Wdzięczność była nie do opisania. Gdyby nie pojawił się przed oczyma Fullbustera, ten znowu popadłby w rozpacz i zatracenie.
– Mów mi La Pradley – odpowiedział ciepło. – Rozumiem, że przeżyłeś wiele, ale musisz teraz pójść ze mną.
– Nie – odparł stanowczo, odsuwając się od mężczyzny. Zaufał i zawiódł się zbyt wiele razy, by teraz jak naiwne kociątko podążyć za nieznajomym.

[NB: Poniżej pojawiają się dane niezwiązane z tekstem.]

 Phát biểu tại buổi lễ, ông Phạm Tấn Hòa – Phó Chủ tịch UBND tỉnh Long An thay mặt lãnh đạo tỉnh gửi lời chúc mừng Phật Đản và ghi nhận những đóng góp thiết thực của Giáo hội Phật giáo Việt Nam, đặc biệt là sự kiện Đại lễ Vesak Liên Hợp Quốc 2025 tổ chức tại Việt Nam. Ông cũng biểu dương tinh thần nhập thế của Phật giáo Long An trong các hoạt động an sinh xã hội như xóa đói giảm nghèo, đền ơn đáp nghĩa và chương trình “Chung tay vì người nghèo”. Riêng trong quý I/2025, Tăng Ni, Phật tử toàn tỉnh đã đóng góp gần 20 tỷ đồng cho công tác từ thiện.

– Lector wie, że tu jestem. Kiedy tylko dowiedział się, co się wydarzyło w szpitalu, natychmiast zaczęliśmy cię szukać. Nie spodziewaliśmy się jedynie tego, że Aquarius spowoduje taki wypadek.
La Pradley rozejrzał się po ulicy, na której doszło do tragedii. Syreny policyjne zaraz rozbrzmiały po całej okolicy, a karetki zaczęły zbierać się w jednym kotle. Z wnętrz pojazdów wyskoczyli ratownicy i policjanci, którzy podbiegli do przechodniów. Po dosłownie kilku sekundach zjawiła się również straż pożarna.

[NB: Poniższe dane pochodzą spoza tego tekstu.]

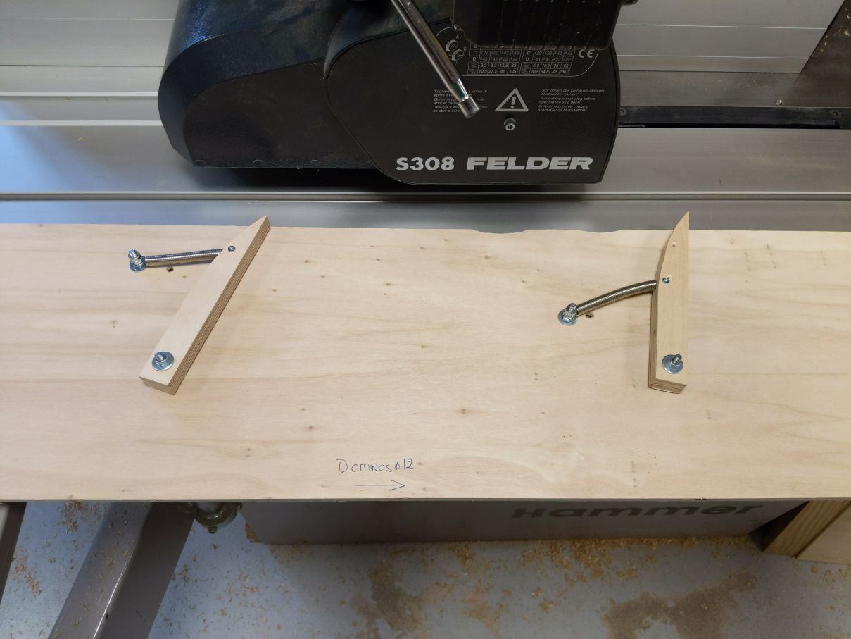 Aujourd'hui, j'ai enfin réalisé des domino à la chaine. Après avoir soigneusement calibré à la raboteuse, j'ai configuré la toupie dans le sens gauche vers droite et retourné le porte-fer.

– Błagam, idźmy stąd – załkał Gray. Złapał się rękoma za usta, odnosząc wrażenie, że jeszcze chwila i zwymiotuje na ulicę. Żołądek podchodził mu do gardła, kiedy wszystkie wspomnienia zlały się w jedno. I gdyby nie pomocna dłoń La Pradleya upadłby jak szaleniec na ulicę, tarzając się we własnych wymiocinach.
– Dobrze – powiedział jedynie nieznajomy.
Pociągnął Graya za ramię i ostrożnie poprowadził chłopaka do czarnego auta, które stało kilkanaście metrów od miejsca wypadku. Wpakował młodzieńca do środka i podał mu butelkę wody.
– Dziękuję.
Pochwycił napój i wlał całość zawartość plastiku do ust, odczuwając tymczasową ulgę. Jednak zakasłał i skrzywił się, doznając obrzydzenia. Wydarzenia z ostatnich dwudziestu czterech godziny zostawiły na nim namacalne i te niewidoczne ślady. Dusił się, ale i tak najgorsza była świadomość zbrodni, jakie powstały z jego własnej winy.
– Nie zadręczaj się – usłyszał lodowaty głos La Pradleya.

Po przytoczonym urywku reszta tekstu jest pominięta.